US Marijuana Party

Wednesday, January 18, 2006

Questioning US arrest statistics

Opinion
Yahoo News
Scott Christianson
01/18/06

Federal statistics reveal that the nation's "clearance rate" - the percentage of cases for which police arrest or identify a suspect - has fallen dramatically. And this shift is fraught with implications.

The arrest clearance rate for reported homicides recently dropped to about 60 percent compared with about 90 percent 50 years ago. This means that a murderer today has about a 40 percent chance of avoiding arrest compared with less than 10 percent in 1950. The record for other FBI Index Crimes is even more dismal: The clearance rates have sunk to 42 percent for forcible rape, 26 percent for robbery, and 13 percent for burglary and motor vehicle theft, all way down from earlier eras.

So, if reported crime has been going down and arrests have gone up, what accounts for the plummeting arrest clearance rates for murder, robbery, rape, burglary, larceny, and motor vehicle theft?

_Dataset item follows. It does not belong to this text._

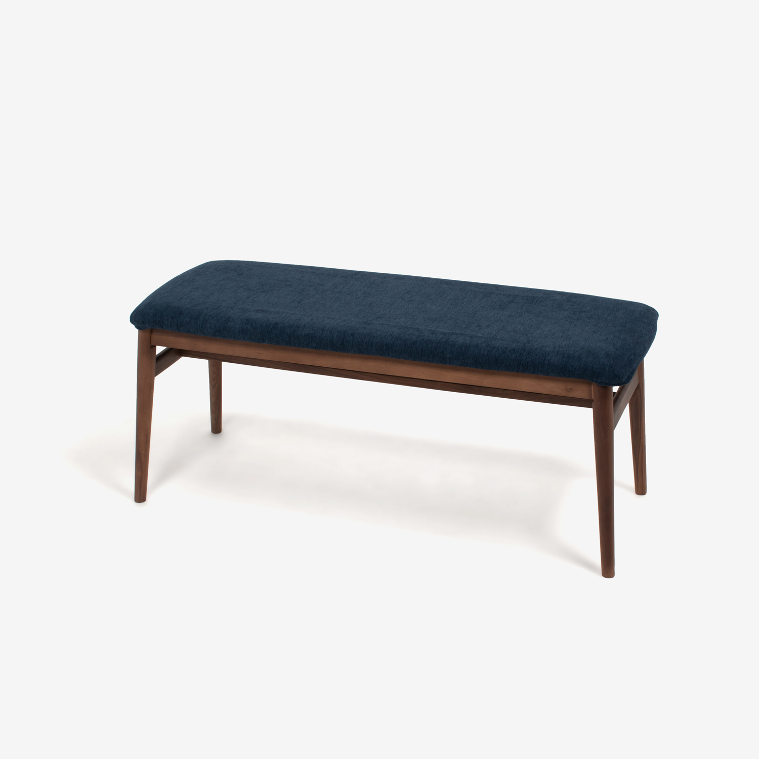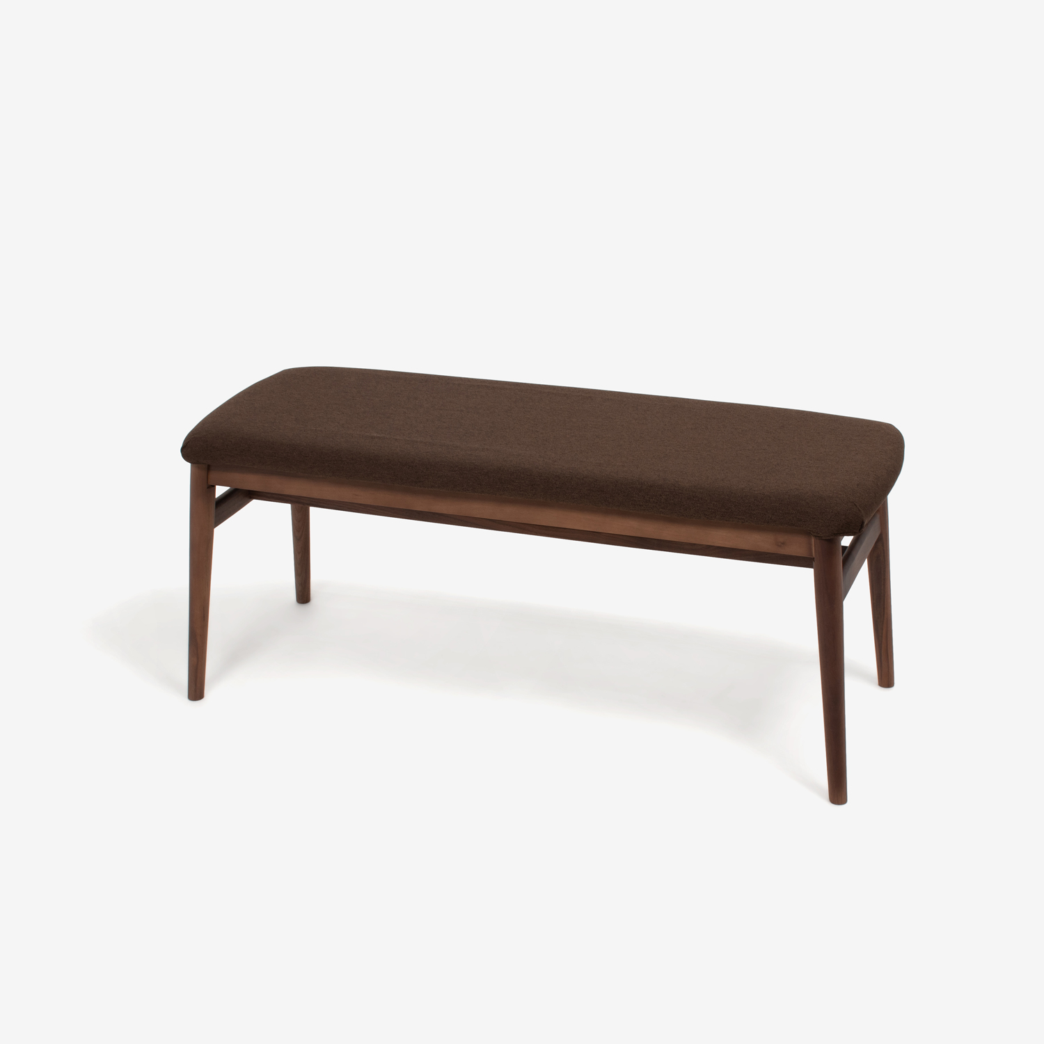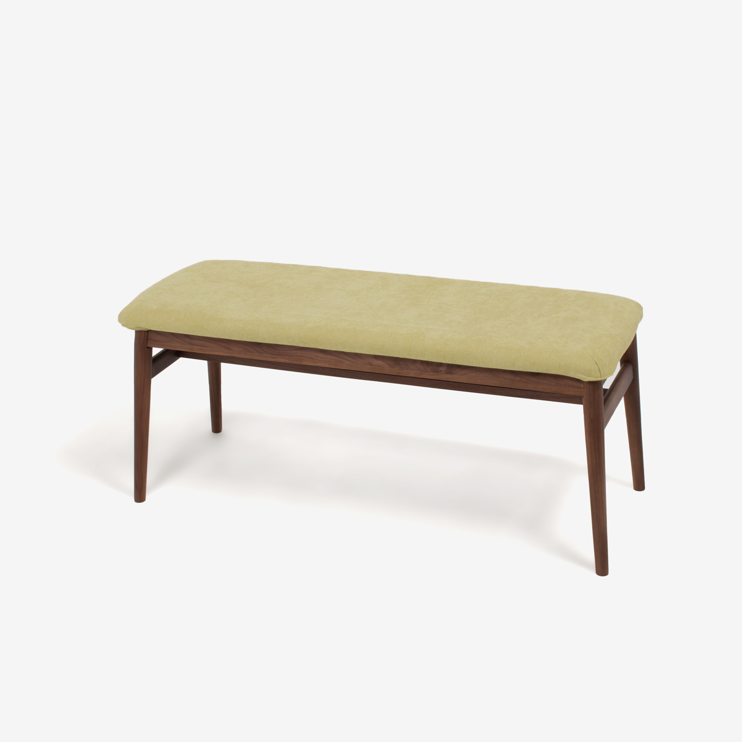 ウォールナット材の無垢材を使用した天然木のあたたかみを感じるカバーリングタイプのベンチです。座面はPVC素材のブラックとアイボリーの2色から選べ、オプションでPVCの座面の上に布カバーを取り付けることができます。

Part of the answer must involve drug law enforcement - victimless offenses that aren't reported to the police or included as FBI Index Crimes. Instead of arresting suspects for burglaries and other serious reported crimes, cops today spend much of their energy going after illegal drugs. Their arrest rate for drug possession (especially marijuana) has shot up more than 500 times from what it was in 1965.

- Scott Christianson, a former New York state criminal justice official, is the author of several books about crime and punishment.